Perhaps the phenomenon was most popular in the Midwest, because, gosh golly, there’s just more of them (insert birth control joke here). But where would we be without those mutant strains — exemplified in this example by the Stooges, MC5, Styrenes, Electric Eels, Pagans and Pere Ubu? You know, the guys in high school who were freaks, not geeks.

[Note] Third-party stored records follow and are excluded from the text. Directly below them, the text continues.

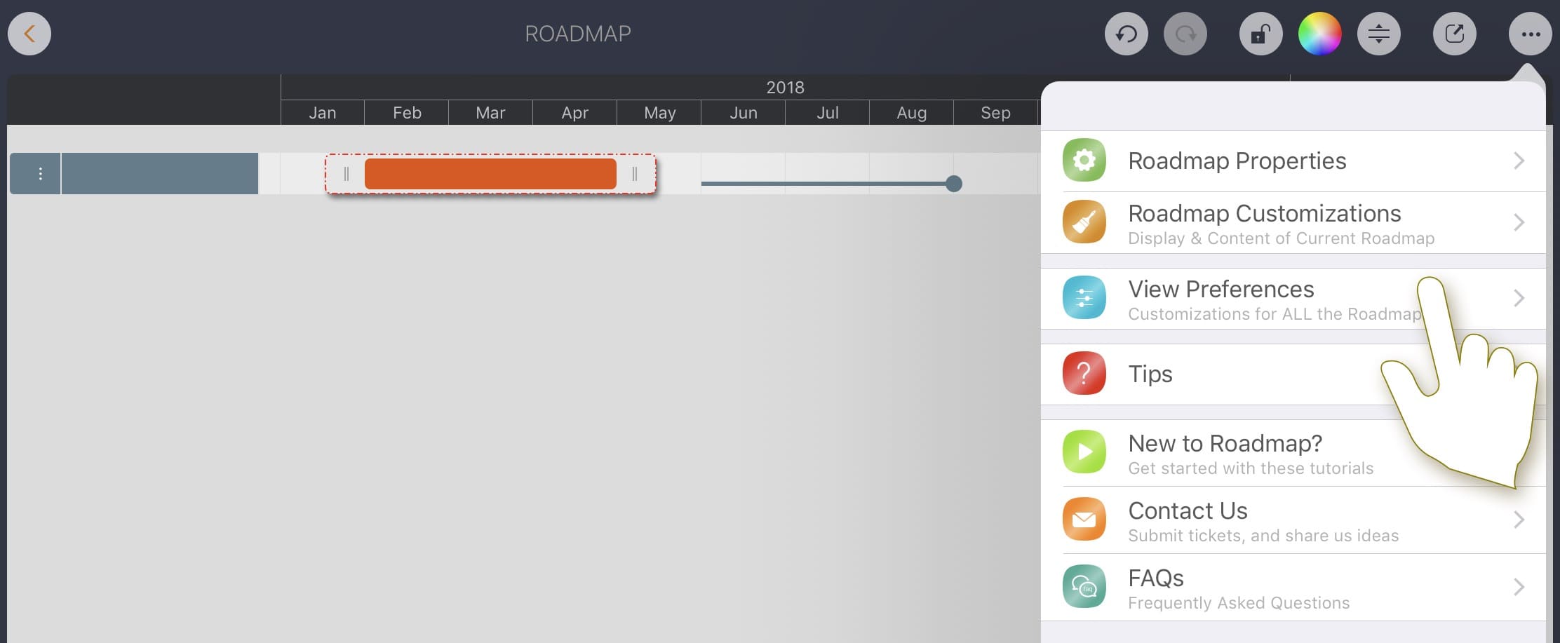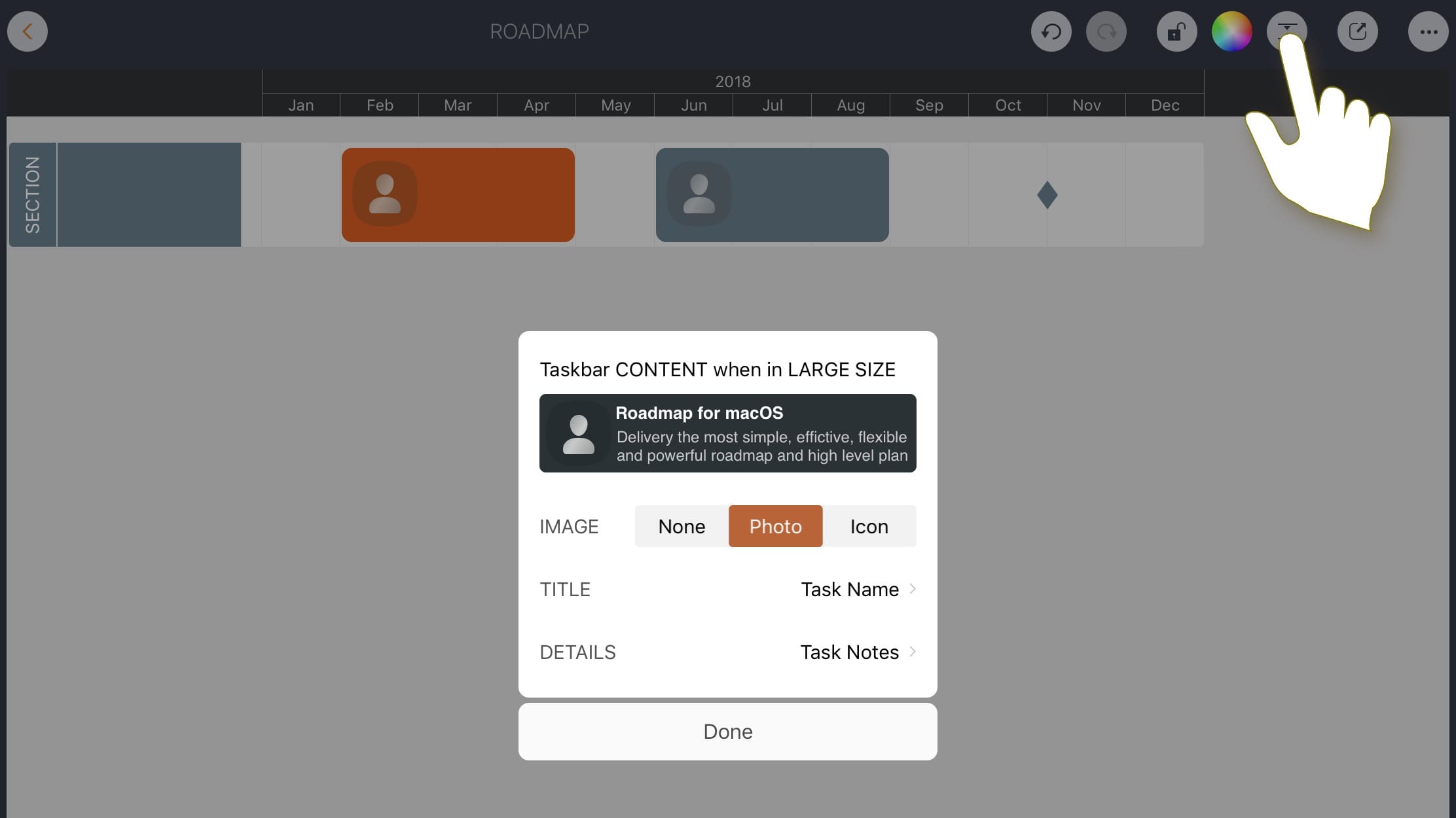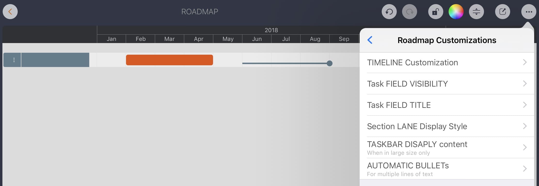 Roadmap app provides powerful configuration options to help customize the appearance of the document to make the user interface more business-friendly. Most options are associated with the document, affect only the opened document itself, and are stored within the document. These options also work the same way when opening the document on other devices.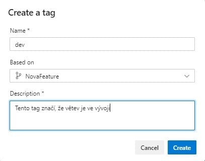 V tomto okně zadejte jméno tagu, větev, na kterou bude přidán, a nějaký popis tagu. Poté jsme schopni se přes náš vytvořený tag dostat k větvi.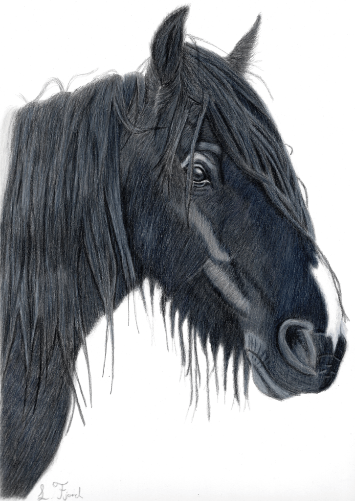 This stunning drawing captures the majestic vibes of a rockstar horse! With a flowing, windswept mane that could rival any 80s rock band, this equine looks ready to take center stage and belt out a power ballad. The artist has meticulously crafted every detail, from the silky strands of the mane to the velvety smooth texture of its face, giving the horse a supermodel-worthy glow-up.

You’ll feel like they’re smoking in your boys’ room again while injecting The Teeth's In Minutes, a post-proto-blast of uncomplicated rock ’n’ roll made by guys who don’t sound like they know, yet, what it feels like when you realize your dreams will never come true.

c. 2008 LEO Weekly

Foxhole

Push/Pull
(Burnt Toast Vinyl)

As a teen trying to become more cultured, I went to a Wynton Marsalis concert. I’d heard that adults with taste and brains listened to jazz music. Later I would realize that not all jazz is the same, and that Wynton Marsalis is not really much like John Coltrane. I was acting like an adult, but not the type of adult I wanted to be.
At the concert, Marsalis introduced a piece, “This one’s about education.” At that point, I had no choice but to laugh. How could instrumental music be “about” something? Now, I’m twice as old as I was then, and I still don’t understand.

Four of the five pieces here are inspired by the death of a friend. The fifth piece was inspired by the death of Wesley Willis, a man of color who made a lot of well-off white kids laugh because he was mentally ill. Oh, and their music is also inspired by their, uh, religious beliefs. (If you know what I mean).